**Task goal**
Your copy of the data should match it exactly, except that the pictures are gone.

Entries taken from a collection
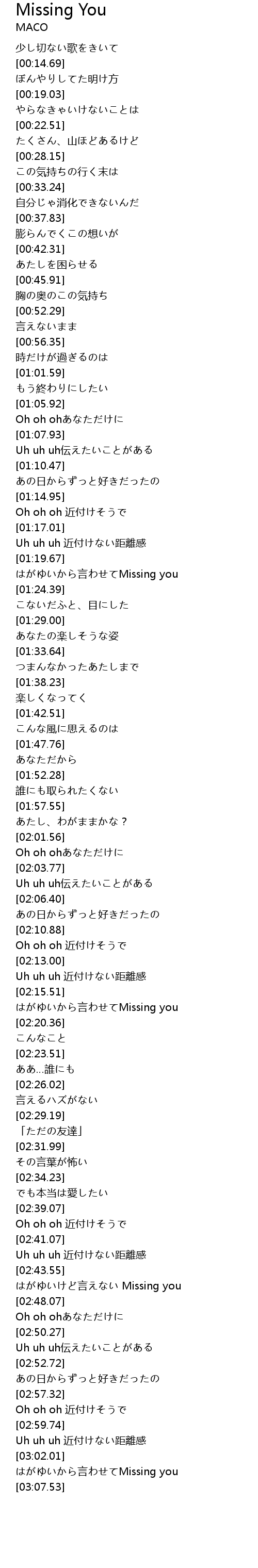 | [03:02.51] | はがゆいから言わせてMissing you |
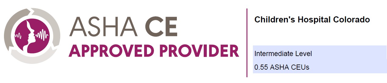 Children’s Hospital Colorado is approved by the Continuing Education Board of the American Speech-Language-Hearing Association (ASHA) to provide continuing education activities in speech-language pathology and audiology. See course information for number of ASHA CEUs, instructional level and content area.
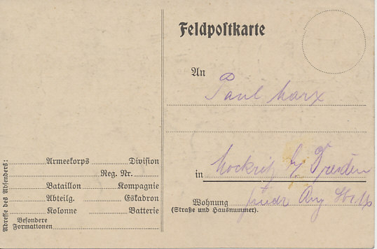 K. Marx (?) Fresnoy 6.II.15Reverse:Addressed to Paul Marx
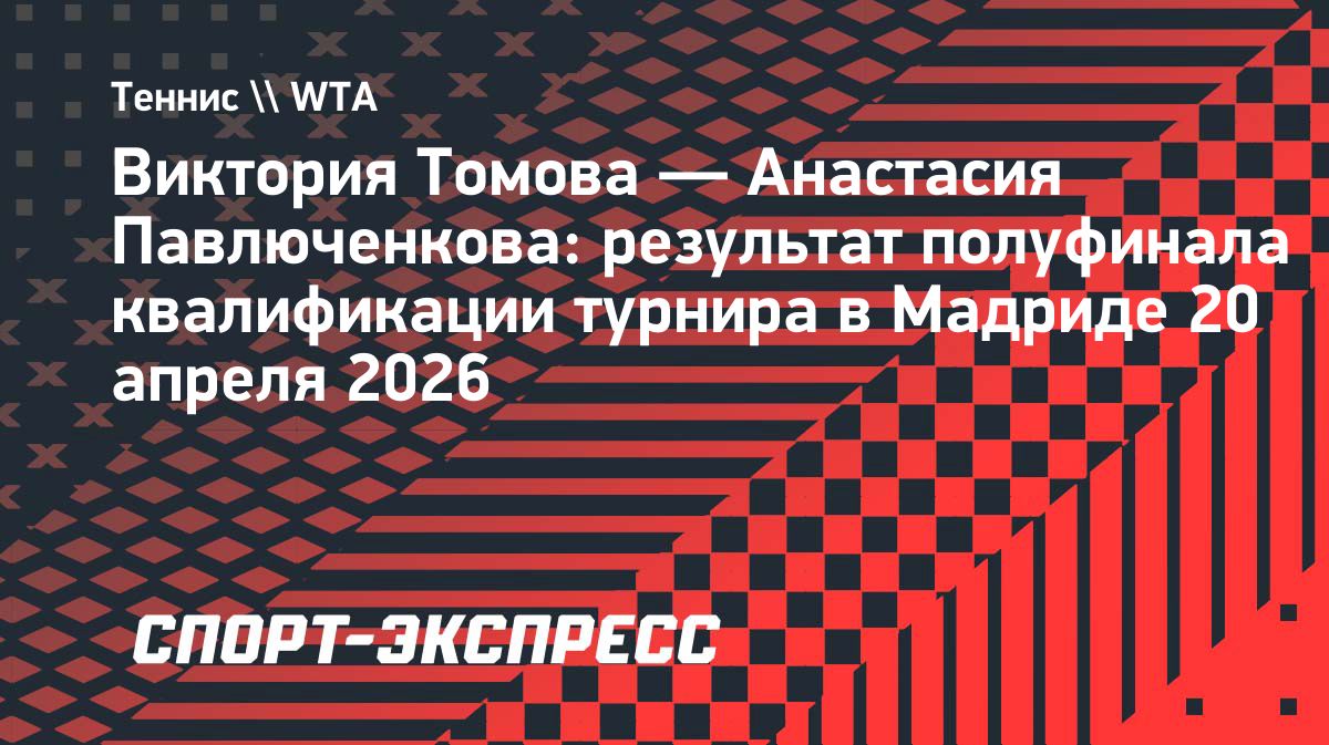 Павлюченкова вышла в финал квалификации турнира в Мадриде Российская теннисистка Анастасия Павлюченкова обыграла представительницу Болгарии Викторию Томову в полуфинале квалификации турнира в Мадриде — 6:3, 6:2. Источник: https://www.sport-express.ru/tennis/wta/news/viktoriya-tomova-anastasiya-pavlyuchenkova-rezultat-polufinala-kvalifikacii-turnira-v-madride-20-aprelya-2026-2416838/Опубликовано: 20.04.2026 18:28
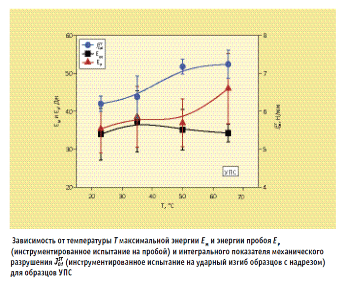 Из всего вышеизложенного следует, что наиболее содержательная информация о свойствах данной системы материалов в выбранном температурном диапазоне может быть получена только при описании их поведения при разрушении с применением нескольких параметров, определяемых в результате комплексного использовании обоих методов инструментированных испытаний – на пробой и на ударный изгиб образцов с надрезом. В качестве еще одного примера для материала «Норил» представлены результаты измерения показателейEM иEP, полученные с применением метода испытания на пробой, в сравнении с результатами определения сопротивления распространению трещины, полученными в ходе испытания на ударный изгиб образцов с надрезом в соответствии с требованиями норм по испытаниям ПМ, разработанными Университетом имени Мартина Лютера (г. Халле-Виттенберг).
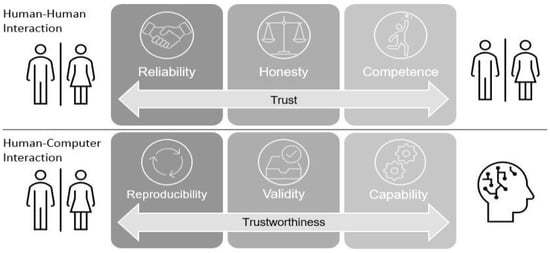 Dimensions of trust and trustworthiness in the interaction between individuals as well as between individuals and systems, displaying the three basic concepts of trust in AI [].
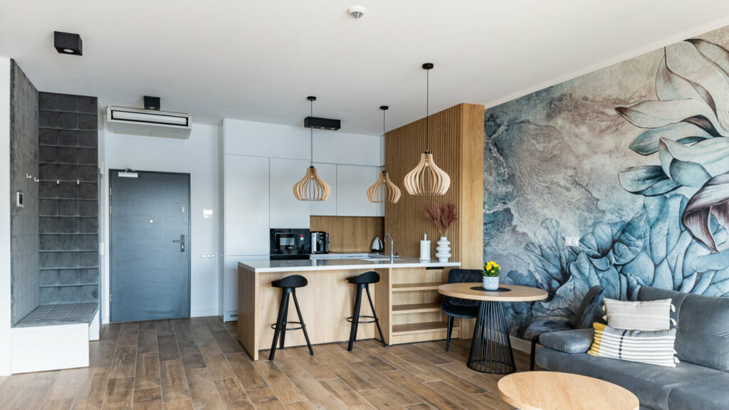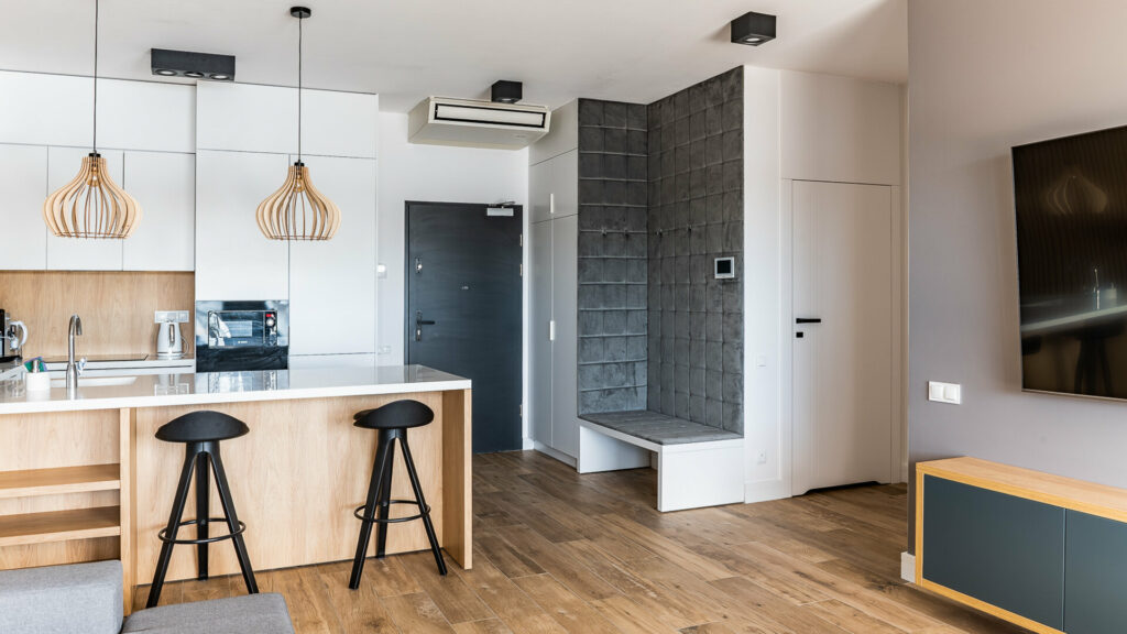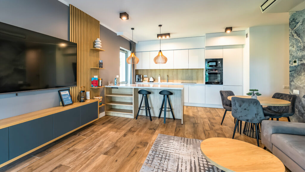 Mazury Residence to realizacja inspirowana naturą, przestrzenią i bliskością wody. Jasne wnętrza, naturalne materiały i duże przeszklenia otwierają dom na krajobraz, tworząc spokojną, harmonijną przestrzeń do życia i wypoczynku. W ramach tej inwestycji wykonaliśmy aż 3 mieszkania, zachowując spójny standard i estetykę w każdym z nich.
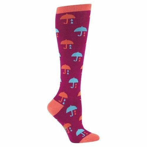 Bring on the rainy weather! These cool socks are guaranteed to be the cutest part of all your puddle-stomping, cozy book-reading, coffee-sipping activities, and still tall enough to peek out above your red rubber boots. Each fun pair of socks have a purple background with adorable blue and orange umbrellas floating around. WARNING: Not waterproof, water resistant, or appropriate for swimming.
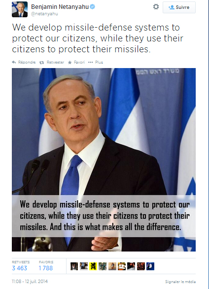 Twitt de Benjamin Netanyahu du 12 juillet 2014, typique de la propagande israélienne : « Nous déployons un système de défense antimissiles pour protéger nos citoyens, tandis qu'ils utilisent leur population pour protéger leurs missiles. »

**Worked solution**
 | [03:02.51] | はがゆいから言わせてMissing you |
 Children’s Hospital Colorado is approved by the Continuing Education Board of the American Speech-Language-Hearing Association (ASHA) to provide continuing education activities in speech-language pathology and audiology. See course information for number of ASHA CEUs, instructional level and content area.
 K. Marx (?) Fresnoy 6.II.15Reverse:Addressed to Paul Marx
 Павлюченкова вышла в финал квалификации турнира в Мадриде Российская теннисистка Анастасия Павлюченкова обыграла представительницу Болгарии Викторию Томову в полуфинале квалификации турнира в Мадриде — 6:3, 6:2. Источник: https://www.sport-express.ru/tennis/wta/news/viktoriya-tomova-anastasiya-pavlyuchenkova-rezultat-polufinala-kvalifikacii-turnira-v-madride-20-aprelya-2026-2416838/Опубликовано: 20.04.2026 18:28
 Из всего вышеизложенного следует, что наиболее содержательная информация о свойствах данной системы материалов в выбранном температурном диапазоне может быть получена только при описании их поведения при разрушении с применением нескольких параметров, определяемых в результате комплексного использовании обоих методов инструментированных испытаний – на пробой и на ударный изгиб образцов с надрезом. В качестве еще одного примера для материала «Норил» представлены результаты измерения показателейEM иEP, полученные с применением метода испытания на пробой, в сравнении с результатами определения сопротивления распространению трещины, полученными в ходе испытания на ударный изгиб образцов с надрезом в соответствии с требованиями норм по испытаниям ПМ, разработанными Университетом имени Мартина Лютера (г. Халле-Виттенберг).
 Dimensions of trust and trustworthiness in the interaction between individuals as well as between individuals and systems, displaying the three basic concepts of trust in AI [].
 Mazury Residence to realizacja inspirowana naturą, przestrzenią i bliskością wody. Jasne wnętrza, naturalne materiały i duże przeszklenia otwierają dom na krajobraz, tworząc spokojną, harmonijną przestrzeń do życia i wypoczynku. W ramach tej inwestycji wykonaliśmy aż 3 mieszkania, zachowując spójny standard i estetykę w każdym z nich.
 Bring on the rainy weather! These cool socks are guaranteed to be the cutest part of all your puddle-stomping, cozy book-reading, coffee-sipping activities, and still tall enough to peek out above your red rubber boots. Each fun pair of socks have a purple background with adorable blue and orange umbrellas floating around. WARNING: Not waterproof, water resistant, or appropriate for swimming.
 Twitt de Benjamin Netanyahu du 12 juillet 2014, typique de la propagande israélienne : « Nous déployons un système de défense antimissiles pour protéger nos citoyens, tandis qu'ils utilisent leur population pour protéger leurs missiles. »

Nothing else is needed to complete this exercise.